Luiz José dos Santos tem 71 anos. Magro, baixinho e com cabelos pretos, passaria, sem dificuldades, por um homem dez anos mais novo. Começou a trabalhar como repórter em Fortaleza, em uma central de notícias dos Diários Associados. Como o salário era ruim, mantinha paralelamente uma sinecura no serviço de radiocomunicação do estado, além de atuar como plantonista da madrugada no jornal Tribuna do Ceará. Cansado da rotina estafante, em que mal tinha tempo para ver os filhos, mudou-se com a família, nos anos 90, para o Crato. Vivera na região quando criança, época em que frequentava o seminário e sonhava em ser padre. “Mas, como eu era muito bonito e as meninas caíam em cima quando me viam com a roupa de coroinha, não deu certo.”
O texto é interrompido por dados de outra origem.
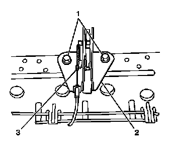 4. Remove the cable (3) from the mid-position floor latch assembly (2).
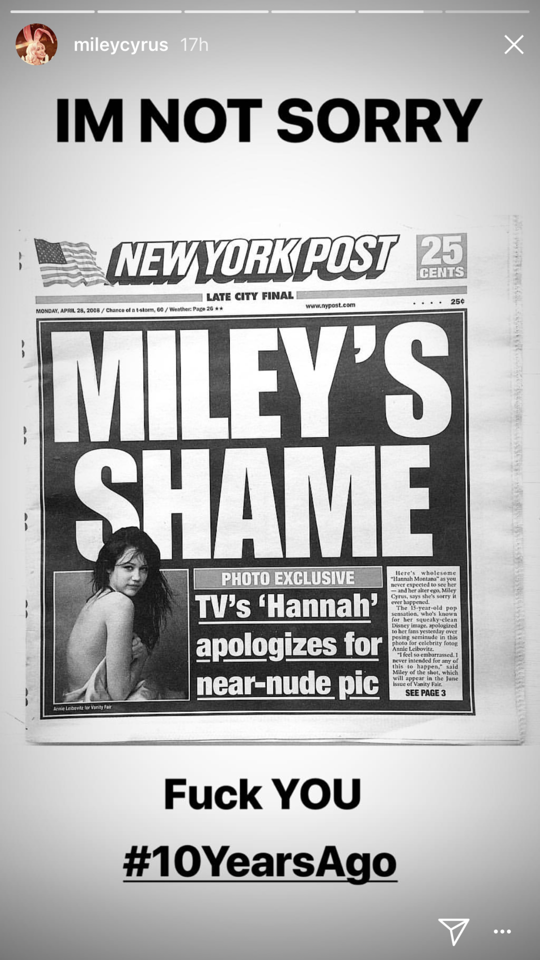 Miley Cyrus在未成年的时候就为自己的一张露背照片道歉,甚至还被《New York Post》以“麦莉的耻辱”为标题挂上封面进行报道。
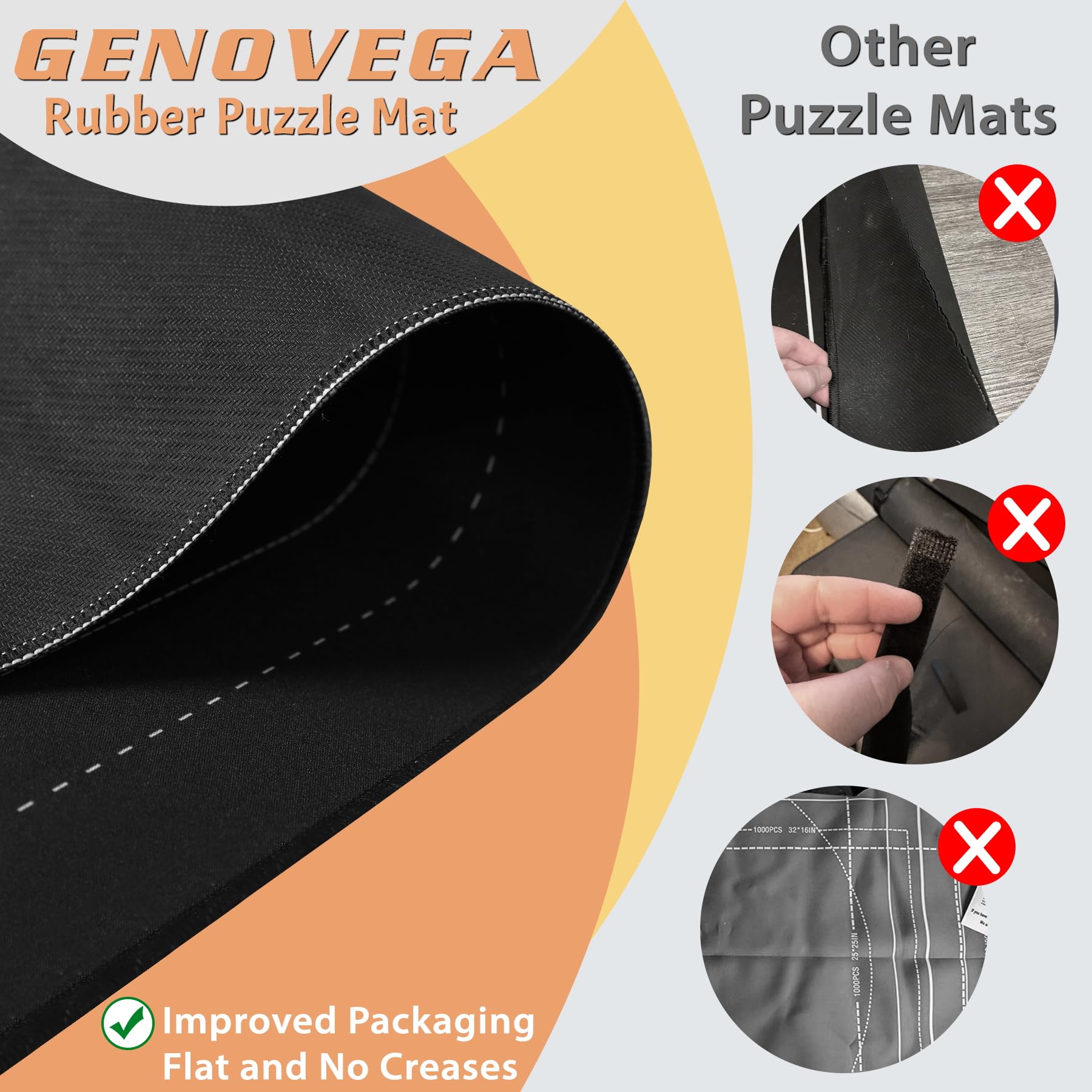 - Q: What materials are used in the Genovega Puzzle Mat? A: The mat is made of a smooth polyester top and a natural rubber bottom, providing a waterproof base and an easy-to-handle surface for puzzle solving.
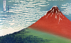 1. Красный. «Красная Фудзи» — это редкое явление, которое можно наблюдать в окрестностях горы в определенный момент. В конце лета или начале осени при хорошей погоде и южном ветре рассветные лучи солнца красят склон Фудзиямы в алый. Таким образом, на гравюре показано пограничное время — между ночью и днем, между двумя сезонами.
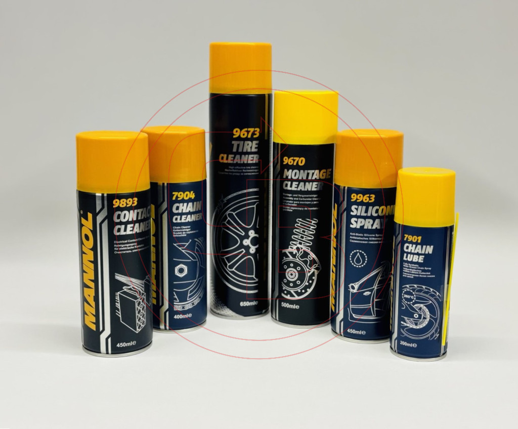 – 6 részes készlet: féktisztító + karburátortisztító (500 ml), gumiápoló spray (650 ml), kontaktspray (450 ml), lánckenő spray (200 ml), lánctisztító spray (400 ml), szilikon spray (450 ml)

Como primeira iniciativa empreendedora, Santos montou um estúdio fotográfico. Fazia álbuns de casamentos e batizados e, entre um trabalho e outro, enviava reportagens sobre a região para o jornal O Povo, de Fortaleza. Em 1997, criou a Gazeta de Notícias. Sua autoproclamada inspiração foram os jornais The New York Times e, principalmente, a Folha de S.Paulo, cujo dono, Otavio Frias Filho, ele tem na conta de um ídolo. Relata que, certa feita, ligou para a redação do jornal paulista e pediu para falar com o colega. Apresentou-se para a secretária como um proeminente empresário cearense do ramo de comunicação interessado em fazer parcerias. A moça anotou o recado. Dias depois, segundo seu relato, estava na estrada Juazeiro–Crato quando o telefone tocou. Do outro lado, uma voz anunciou que Otavio Frias Filho queria falar. “O-ta-vio Fri-as”, enfatizou Santos, destacando o sobrenome. Ato contínuo, pisou no freio e, tratando de equilibrar o celular entre o ombro e o ouvido, parou o carro no acostamento. “Era como se Jesus Cristo estivesse me ligando.” Santos lamenta apenas que a conversa não tenha prosperado: ele pediu ao dono da Folha que conseguisse anúncios da Nestlé, das “chinelas” Havaianas e da Petrobras para a Gazeta. “Frias disse que aquilo era assunto do departamento comercial”, contou.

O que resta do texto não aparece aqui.